# ( SOCC) Southwest Ohio Cat Club?



## Salmonid (Apr 14, 2004)

After some talkings with a few of the local guys, was thinking about the possibility of forming a Catfish Club for the SW part of the state since there doesnt really seem to be any in the region. Area would be from CJ, CC, Cowan, Acton, EF, GMR, WW, LMR and Ohio Rivers. IE. fish from natural settings and not Pay ponds. Was thinking about a small friendly group of tourneys, some shore and some boat, and monthly meetings, a simple website and becoming a spokesgroup for catfish conservation within the area regarding area clean ups, catfish regulations, commercial netters and future stockings.
Not sure of the details but looking to see who might be interested and if we get enough folks, would try to throw together a meeting in a few weeks.
If interested, please reply....or send me a PM. 

Thanks, Salmonid


----------



## H2O Mellon (Apr 5, 2004)

Sweet. I am so glad you took the ball on this one. I can help out a ton, but you know how screwed up my schedule is sometimes. 

Bink and Tom have a great club going w/ the Ohio Hills club and maybe we could do that, although to a minor degree.
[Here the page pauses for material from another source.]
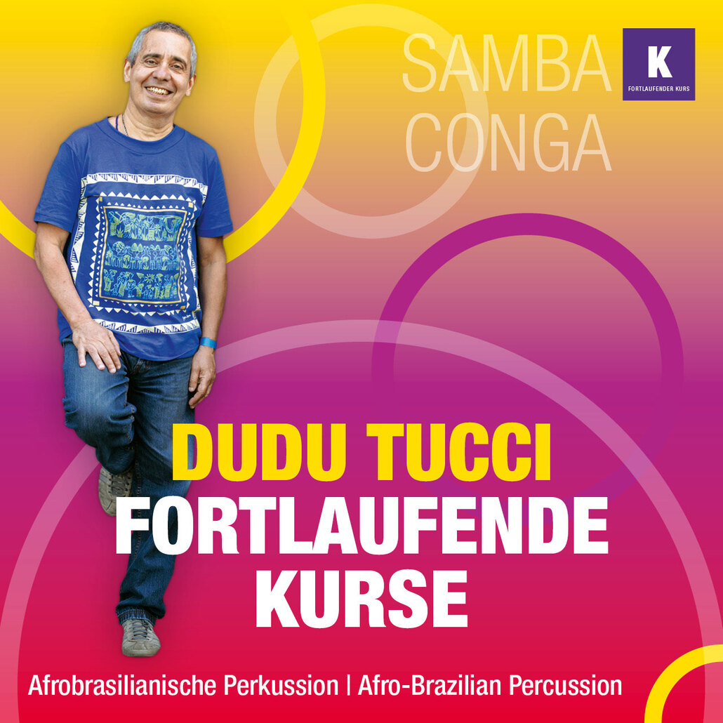 The PAC is Dudu Tucci’s creative base as a teacher, composer and artist of Afro-Brazilian percussion. Throughout the year, you’ll find courses in samba reggae, bateria, maracatú and many other Brazilian styles. We play on a wide range of instruments – from batucada instruments and timbals to congas, pandeiro and berimbau – in workshops, seminars, group sessions and one-to-one lessons. A fully equipped recording studio is also available for rehearsals and recording.
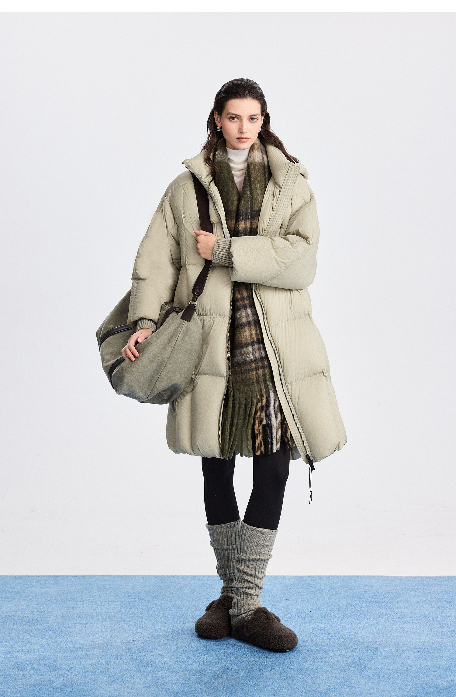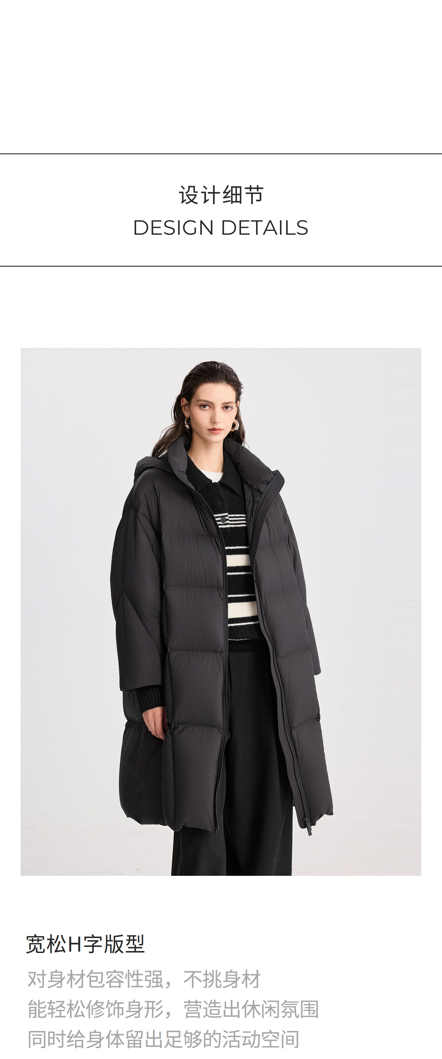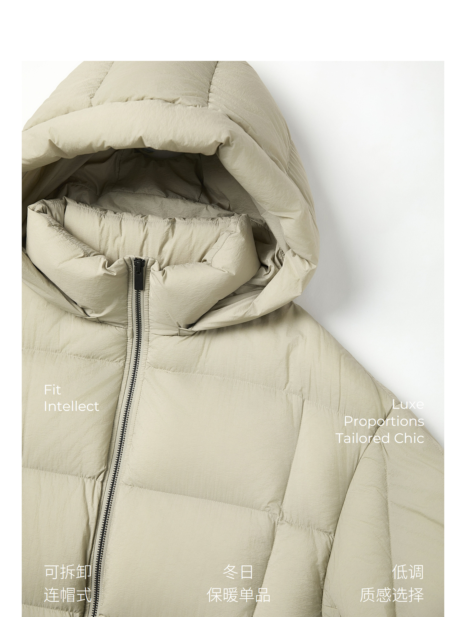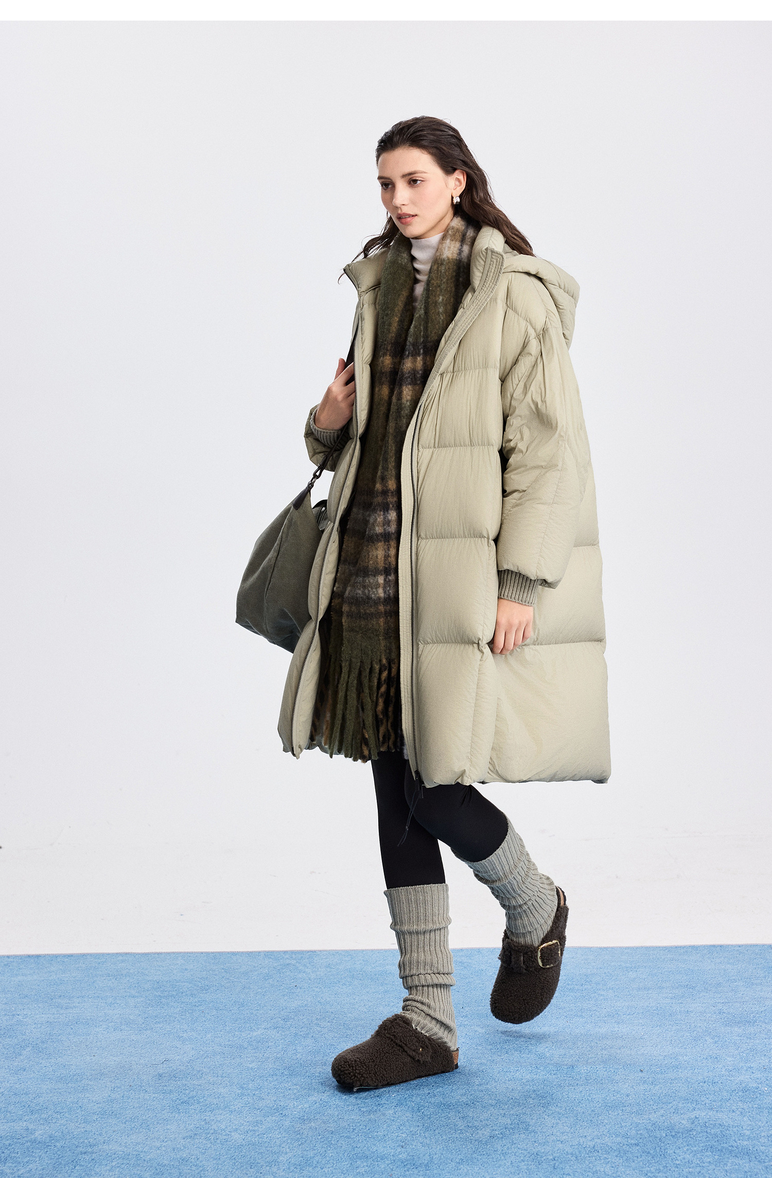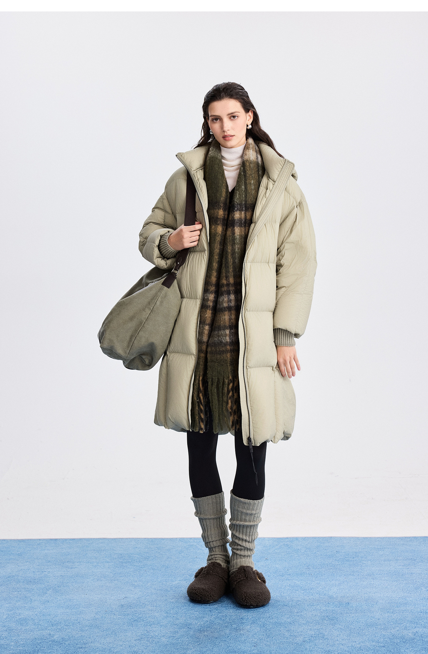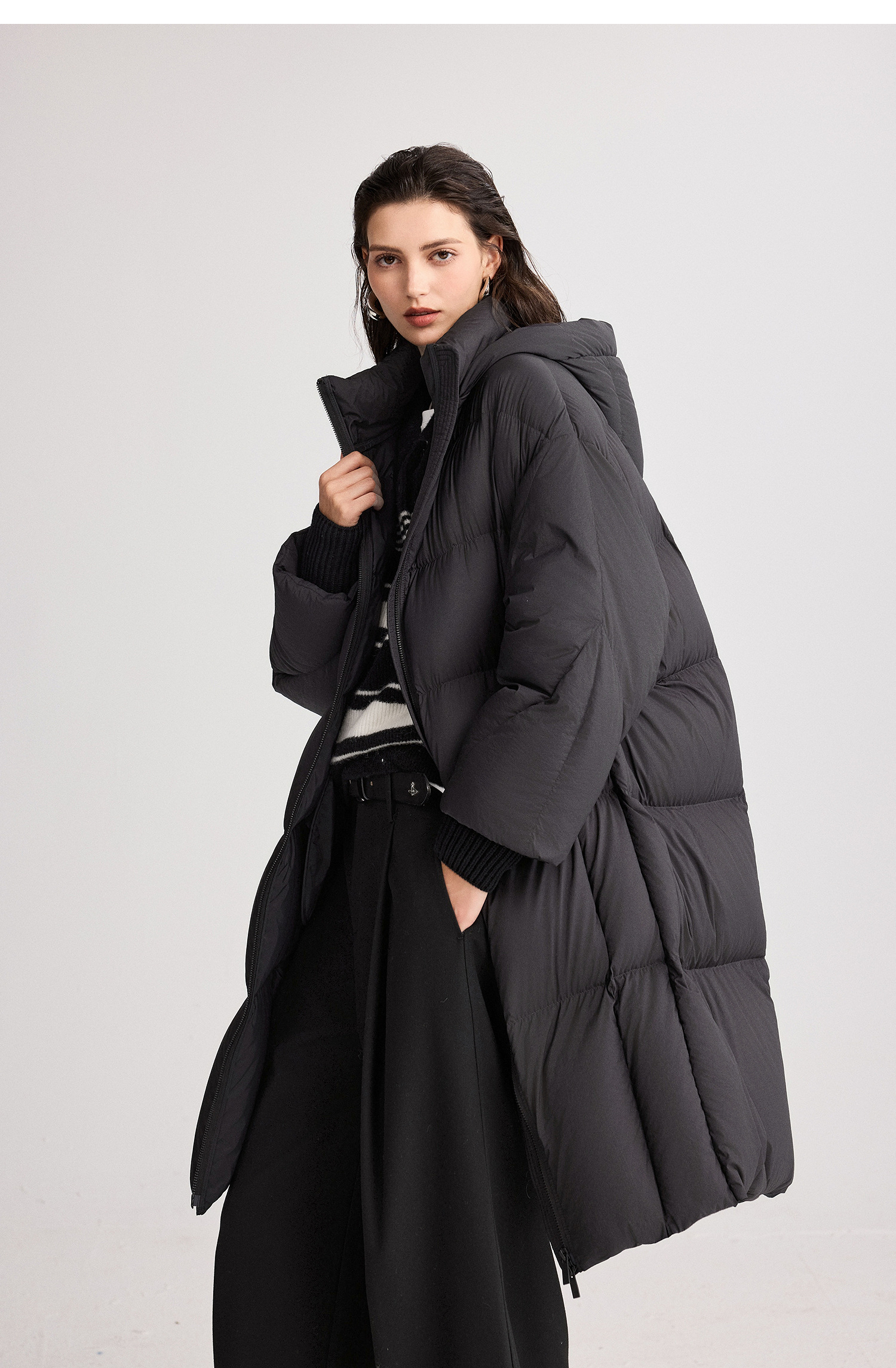 棉仓366615021-【90白鹅绒】褶皱肌理感连帽羽绒服女25秋冬中长款过膝外套

We've got all winter to do this.


----------



## flathunter (Apr 5, 2004)

Sounds like a great idea, start small and it will grow..The Ohio Hills club stared very small, now they have quite a few members.


----------



## neocats1 (Oct 14, 2006)

If there is anything I can do to help out, please ask. Once you guys get everything going, let me know and I'll sign the club up as a qualifier for the 2008 Ohio Catfish Classic.

Feel Free to call me at (330) 874-4455.
Jeff


----------



## H2O Mellon (Apr 5, 2004)

Yeap Mark, I agree start small and grow.


----------



## sevenx (Apr 21, 2005)

I would be interested, conservation and education would be great for the sport. My time is a bit limited but I would be willing to host meetings, link to my website for the flyfishing aspect of catfishing and any promotion I can do for the club. S


----------



## Flathead King 06 (Feb 26, 2006)

sounds good.... it would be nice to have a chapter around this area.... anything I can do to help with design work or website design just let me know.... it would look good on an application for a job to have some pro-bono work experience, etc....


----------



## fisherman5567 (Jan 3, 2007)

Sounds Great to me too! I have one of those cushy government jobs, so when im not swamped with school I could help out a lot. Ive been thinking about hosting some more "informal" cat tourneys around here. Let me know what you need I am IN!


----------



## pendog66 (Mar 23, 2005)

im definately in im sure steve will be too. let me know if you need me to do anything mark


----------



## dinkbuster1 (Oct 28, 2005)

sounds like a good idea. i actually thought about something along those lines last year, only not just catfish but just fishing in general. i am sure anglers of other species are just as concerned as us catfishermen in SW Ohio about loss of access on the rivers/promoting new access, clean ups, conservation, pollution, etc. dont know how much help i can be but i'm in


----------



## H2O Mellon (Apr 5, 2004)

Dang, I guess we've already got enough people to start something up!


----------



## dip (Apr 5, 2004)

i'll bet you fellers can make it work! g'luck!


----------



## Salmonid (Apr 14, 2004)

Anyone else?? Im suprised only the handful of folks I know replied here. anyone from the Cinci area interested? At this point it should be the Dayton /Springfield club.

I have this posted on some other boards so Ill see what types of response we get before announcing where the first startup meeting will be.
Im looking at the first week of Dec though.
Stay tuned...
BTW, Tried for some flatties today, on the GMR, water was up 1.5 feet, fairly clear and up to 53 degrees, nada........not a bite in 4 hrs.

Salmonid


----------



## H2O Mellon (Apr 5, 2004)

I'm sure some of the Cincy guys would do this, however alot of those folks already fish bigger tourneys. I think once word spreads those fellas will show intrest.

I'd like to target some of the guys that may be intemidated by the big tourneys (and big entry fees) as well as some of the folks who may just be getting into small tourney fishing (sort of like we are).


----------